_TASK GOAL_.
Transcribe the whole listing without a single picture.

######

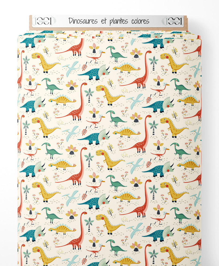 Les dinosaures sont accompagnés de petites plantes et de fleurs stylisées. Les couleurs vives des dinosaures contrastent avec le fond crème. Les motifs incluent des dinosaures de différentes formes et tailles.Les tissus
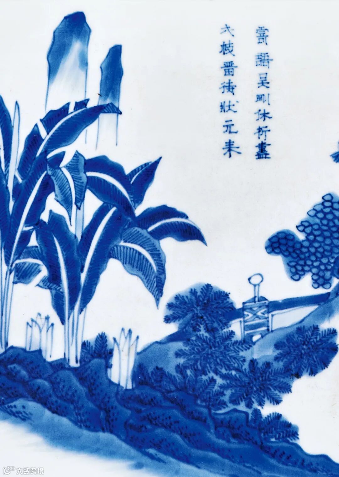 此类山水纹饰所绘士子文人超然世外的生活逸趣,文士以“隐于瓷画中”进行自我言说,既体现了这种隐逸心理,又折射文人如何面对失意生活,抒发内心的不悦,还可通过山水表达出当时社会的真实历史。
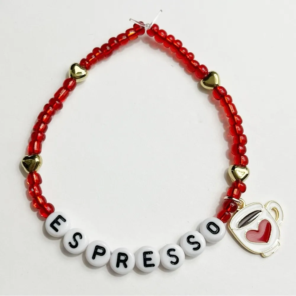 Add a playful touch to your outfit with the Espresso beaded bracelet. Featuring red beads, this accessory is perfect for any occasion. Espresso Sabrina Carpenter Stretchy Coffee cup charm *Not sure if they do friendship bracelet trading at Sabrina Carpenter’s concerts but I think they’re cute and fun regardless!
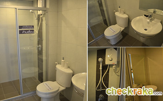 ส่วนสุดท้ายของห้องสตูดิโอคือห้องน้ำซึ่งทางโครงการเลือกใช้สุขภัณฑ์ทั้งหมดจาก Cotto และแถมเครื่องทำน้ำอุ่นของ Electrolux พร้อมฉากกั้นอาบน้ำเป็นกระจกนิรภัยแยกส่วนเปียกออกจากส่วนแห้ง
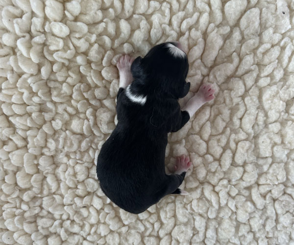 Pup 4 Reutje zwart/wit, geboortegewicht 332 gram, naam LAPIN
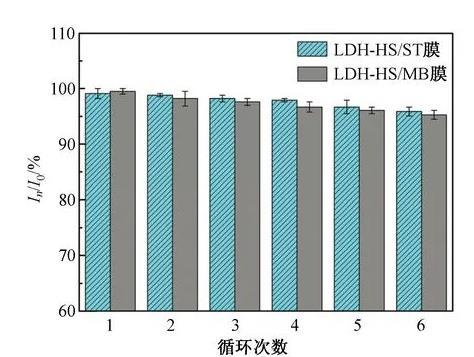 受這些啟發(fā),本研究考慮到LDH粉末的片間夾層結構容易變形、回收困難等缺點,預想能夠在分子水平上制備出行為可控的薄膜結構。目前關于LDH和染料分子自組裝的文章還鮮有報道。因此,本研究工作利用陰離子交換法和LB技術成功地在氣-液界面制備了一種新型有序的LDH-HS/染料自組裝復合多層膜。
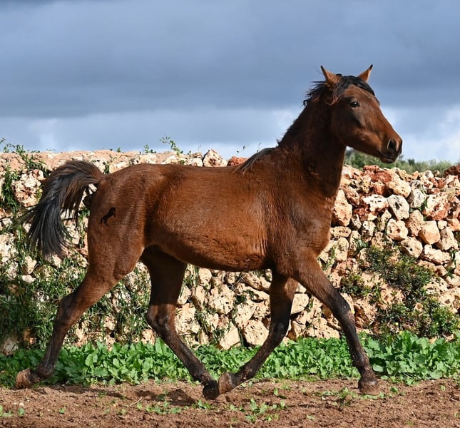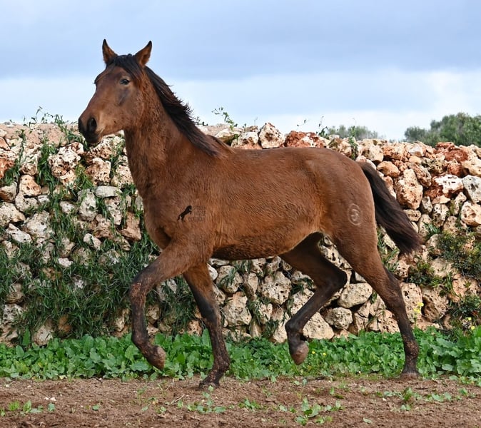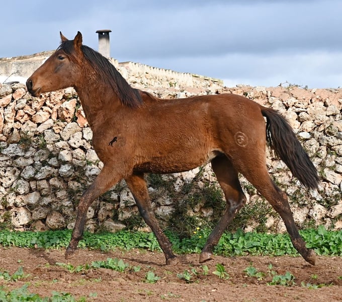 Deze PRE-ruin, geboren in 2024, is nog steeds een schattig pareltje. Maar hij laat al momenten zien waarop hij zich trots beweegt en laat zien wat voor een knappe vent hij wordt ;) Aan vaderskant heeft hij veel Escalera-bloed in zijn afstamming, wat waarschijnlijk ook bijdraagt aan zijn vriendelijke en open karakter. Hij kwam steeds nieuwsgierig naar me toe tijdens de vrije beweging om even hallo te zeggen. De fokker hecht veel waarde aan het feit dat de hengsten minimaal drie jaar opgroeien in een hengstenhengstengroep. Zo heeft hij tijdens de regenseizoen op Menorca een pluizige vacht en wat manen in de vacht, maar dat is slechts een teken van natuurlijk opgroeien ;) De jonge ruin is zeer nieuwsgierig en open, en vertoont geen hengstengedrag, hoewel hij nog volledig onervaren is. Hij beweegt mooi en zijn verwachte eindmaat ligt net boven de 1,60 m. Voor degenen die geen hengst kunnen houden, is er natuurlijk ook de mogelijkheid tot castratie ter plaatse. Zijn locatie is Menorca. Video's en afstamming op aanvraag beschikbaar. Graag organiseer ik ter plaatse een veterinaire keuring, training, castratie, transport of zelfs uw reis, mocht u persoonlijk willen komen kijken. Details hierover bespreek ik graag via mijn website of in een gesprek. Groeten uit Spanje
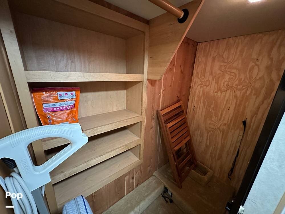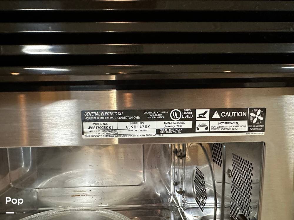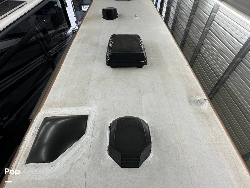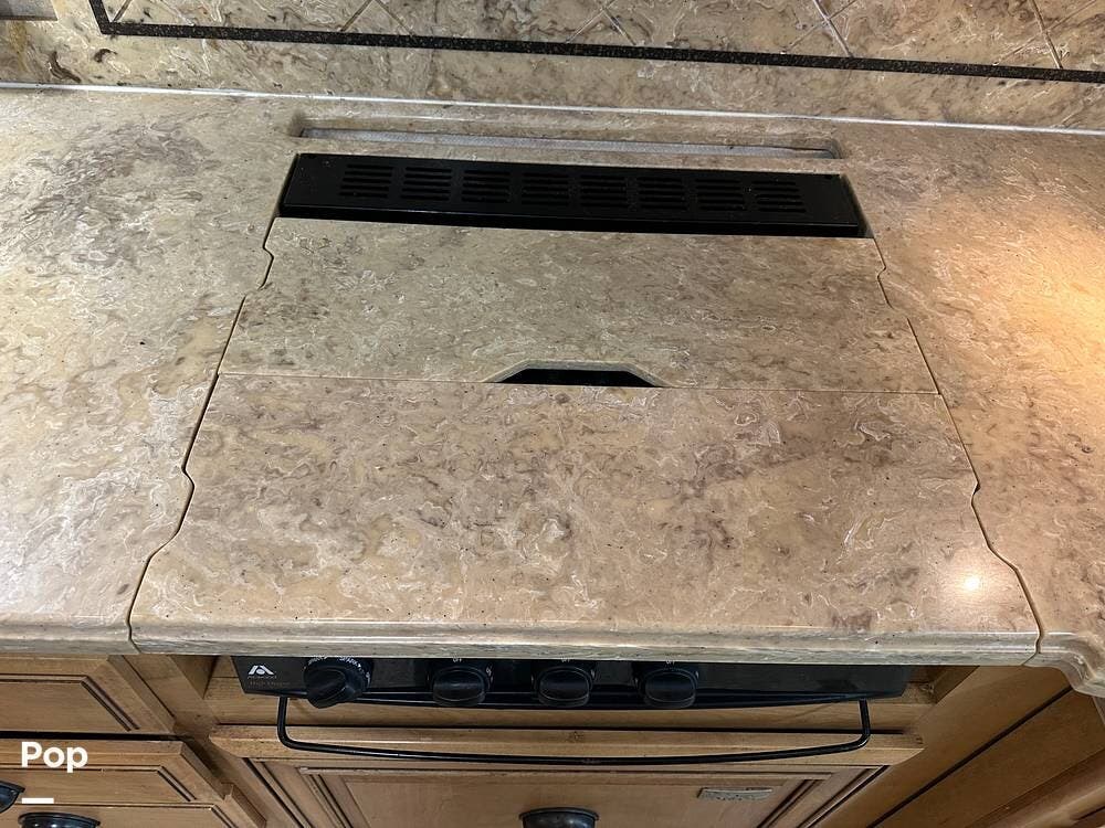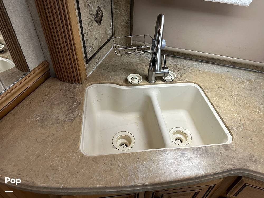 The kitchen is fully equipped with solid surface countertops, stainless steel appliances, and ample storage, making meal prep on the road a pleasure.

######

_TASK RESPONSE_.
 Les dinosaures sont accompagnés de petites plantes et de fleurs stylisées. Les couleurs vives des dinosaures contrastent avec le fond crème. Les motifs incluent des dinosaures de différentes formes et tailles.Les tissus
 此类山水纹饰所绘士子文人超然世外的生活逸趣,文士以“隐于瓷画中”进行自我言说,既体现了这种隐逸心理,又折射文人如何面对失意生活,抒发内心的不悦,还可通过山水表达出当时社会的真实历史。
 Add a playful touch to your outfit with the Espresso beaded bracelet. Featuring red beads, this accessory is perfect for any occasion. Espresso Sabrina Carpenter Stretchy Coffee cup charm *Not sure if they do friendship bracelet trading at Sabrina Carpenter’s concerts but I think they’re cute and fun regardless!
 ส่วนสุดท้ายของห้องสตูดิโอคือห้องน้ำซึ่งทางโครงการเลือกใช้สุขภัณฑ์ทั้งหมดจาก Cotto และแถมเครื่องทำน้ำอุ่นของ Electrolux พร้อมฉากกั้นอาบน้ำเป็นกระจกนิรภัยแยกส่วนเปียกออกจากส่วนแห้ง
 Pup 4 Reutje zwart/wit, geboortegewicht 332 gram, naam LAPIN
 受這些啟發(fā),本研究考慮到LDH粉末的片間夾層結構容易變形、回收困難等缺點,預想能夠在分子水平上制備出行為可控的薄膜結構。目前關于LDH和染料分子自組裝的文章還鮮有報道。因此,本研究工作利用陰離子交換法和LB技術成功地在氣-液界面制備了一種新型有序的LDH-HS/染料自組裝復合多層膜。
 Deze PRE-ruin, geboren in 2024, is nog steeds een schattig pareltje. Maar hij laat al momenten zien waarop hij zich trots beweegt en laat zien wat voor een knappe vent hij wordt ;) Aan vaderskant heeft hij veel Escalera-bloed in zijn afstamming, wat waarschijnlijk ook bijdraagt aan zijn vriendelijke en open karakter. Hij kwam steeds nieuwsgierig naar me toe tijdens de vrije beweging om even hallo te zeggen. De fokker hecht veel waarde aan het feit dat de hengsten minimaal drie jaar opgroeien in een hengstenhengstengroep. Zo heeft hij tijdens de regenseizoen op Menorca een pluizige vacht en wat manen in de vacht, maar dat is slechts een teken van natuurlijk opgroeien ;) De jonge ruin is zeer nieuwsgierig en open, en vertoont geen hengstengedrag, hoewel hij nog volledig onervaren is. Hij beweegt mooi en zijn verwachte eindmaat ligt net boven de 1,60 m. Voor degenen die geen hengst kunnen houden, is er natuurlijk ook de mogelijkheid tot castratie ter plaatse. Zijn locatie is Menorca. Video's en afstamming op aanvraag beschikbaar. Graag organiseer ik ter plaatse een veterinaire keuring, training, castratie, transport of zelfs uw reis, mocht u persoonlijk willen komen kijken. Details hierover bespreek ik graag via mijn website of in een gesprek. Groeten uit Spanje
 The kitchen is fully equipped with solid surface countertops, stainless steel appliances, and ample storage, making meal prep on the road a pleasure.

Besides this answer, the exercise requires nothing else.